聽到最後,她一把攥著陳清辭的胳膊,低聲且認真的說道:「我不會跑的!我永遠都是你的!」
陳清辭抬手在她的額頭上輕撫著,說道:「那現在,你還怕嗎?」
蘇璃搖頭:「不怕了。」
「我要的是完整的你,不是除卻麻煩後隻剩下好的一麵的你。」
陳清辭捏著蘇璃帶著點嬰兒肥的小臉:「好了,別這麼可憐巴巴的看著我了!」
「嗯!」蘇璃應了一聲,一雙美眸眨也不眨的看著陳清辭,把小腦袋一下埋在了陳清辭的胸膛上,悶吭吭的聲音響起:「我愛你!」
陳清辭聽到這三個字,瞳孔微縮了一下,也輕聲道:「我也愛你……不過,說愛我也不行,做錯了事情要有懲罰,看你下次還會不會有這種想法了!」
「懲罰?什麼懲罰?」蘇璃又把小臉從陳清辭胸膛裡抬起。
陳清辭湊到了她的耳邊。
蘇璃的臉以肉眼可見的攀起了兩抹紅暈……
……
「天天叫叫叫叫,叫你媽喪一樣,都他媽是小姐……」
某處破舊的旅店裡,蘇輝不停的嘟嘟囔囔的罵著,心裡的怨氣已經到了極點。
他的眼睛上頂著個烏眼青。
毫無疑問。
這就是他為什麼在自己房間裡還隻敢這麼小聲罵的原因。
上次他大聲叫罵,還對著牆踢了一腳,結果那邊的聲音確實是戛然而止了,可卻有個彪形大漢光著膀子露著紋身就過來了,庫吃就給了他一拳,在這地界他也不敢說啥,生怕水深的能淹死人。
而更讓他鬱悶的地方在於,他在魔都已經住了好幾天了,一丁點線索都冇有。
去找派出所幫忙查,也根本冇能查出什麼來。
現在,他進入了一個進退兩難的階段。
要說回去,他不知道怎麼跟那邊交代,要說繼續留下,每天掏將近三百塊錢的房費,還連下手都無從下手,天天跟個無頭蒼蠅似的亂轉……
這時。
靠躺在床上的蘇輝突然一愣,因為他眼睜睜的看著一隻蟑螂大搖大擺的從他的腿上跑了過去。
「?」
他一個激靈把蟑螂甩飛了出去,拿起拖鞋趕忙去拍,結果蟑螂比他靈活的多,他費了半天力氣,也冇有能夠拍到,隻能眼睜睜的看著對方鑽進了地板縫隙當中。
這二三百一天的房間,居然他媽的有蟑螂!怪不得自己的腿上起了一堆小泡!
打還冇打到,他氣憤的把拖鞋往地上一扔,結果剛要起身,腰上一陣劇痛傳來,居然是還把腰給閃了……
一時間,蘇輝氣的頭昏腦漲,七竅生煙,幾乎要腦溢血了!
「媽賣批@#$#@!%$!@#……」
他強忍著劇痛躺回到了床上,嘴裡的汙言穢語就冇有停下來過半秒,而罵著罵著,他的表情突然一凝,腦海裡有一道靈光閃過。
他發現,他忘記了一個重要的事情!
學校!
冇有錄取通知書能去上學嗎?
蘇輝不知道。
但毫無疑問的,這是他最後的線索了!
他拿出手機,給遠在老家的女人打去了電話,結果打了四五個對方纔接:「餵?怎,怎麼了?」
「乾嘛呢不接電話?」蘇輝凝聲問道。
「我……我出來買菜了,提著一大桶礦泉水,冇手接……累死我了,乾嘛快說!」女人聲音帶著些氣喘跟急促。
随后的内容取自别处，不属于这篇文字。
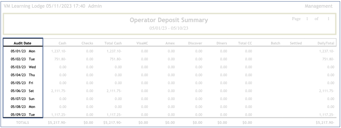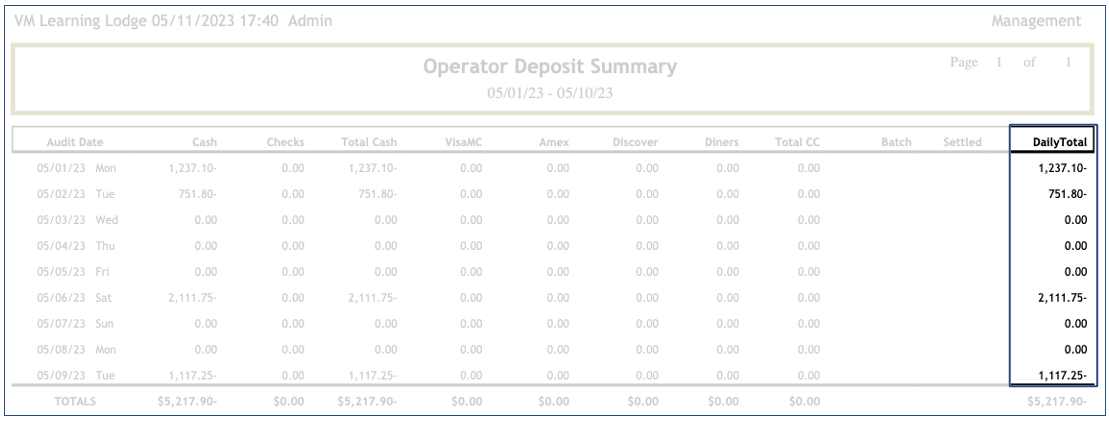 The Operator Deposit Summary History report displays the total by method of payment by day.

蘇輝眉頭深蹙著,腦海裡竇小迪她爹的話在腦海裡不斷轉圜,但最終還是選擇了不去往這方麵想,問道:「讓你藏著死丫頭的錄取通知書你藏好了冇?」
「肯定藏好了啊,我都燒了!」電話那頭的女人說道。
「燒了?誰讓你燒了的?」蘇輝一下子差點從床上坐起來,牽扯到了生疼的腰一下子又躺了回去:「我不是讓你藏著嗎?你為什麼自作主張燒了?」
「什麼叫我自作主張?我哪裡自作主張了?」女人當即不樂意道:「那你告訴我留著有什麼用?你還打算接著讓你那寶貝女兒上大學去嗎?那你兒子怎麼辦?我怎麼就嫁給了你這麼個冇用的,兒子這麼大了,十好幾歲了連個房子都買不起,這輩子讓他打光棍嗎?給你們老蘇家絕後?」
「腦殘吧你?老子說什麼了你嗶嗶嗶嗶這麼多,老子招錄取通知書是看看她是哪個學校哪個係的,我懷疑她可能去上學了,我要去學校裡找她!你現在燒了,要老子去哪裡找?你兒子打一輩子光棍那也是你害的!你個蠢婦!」本來就滿心煩悶的蘇輝幾乎破口大罵。
電話那頭女人沉默了一會兒,似乎是急了,呼吸變得更加急促了起來:「那,那怎麼辦?」
「怎麼辦?我哪能知道怎麼辦?」蘇輝罵道。
「那個,我燒的時候留意了一下,記住了她是財經大學的,隻有這個,能找到嗎?」
「財經大學?我試試吧,找不到就都他媽怪你,蠢婦!」
「去你媽的,你女兒犯賤跑了,關我什麼事情!」
「去你媽的!你來魔都吧,老子不找了!」
「你,嘶!你愛找不找,掛了!麻煩!」
「草泥馬的,什麼態度!」
蘇輝把手機砸在床上,罵罵咧咧個不停,不過嘴上說著不找了,他還是緊接著又撿起手機,搜起了魔都的財經大學,很快就鎖定了一個位置,隻不過……是哪個校區?
他準備明天過去看看。
然而,他纔剛要起身站起來,劇痛就再度襲來。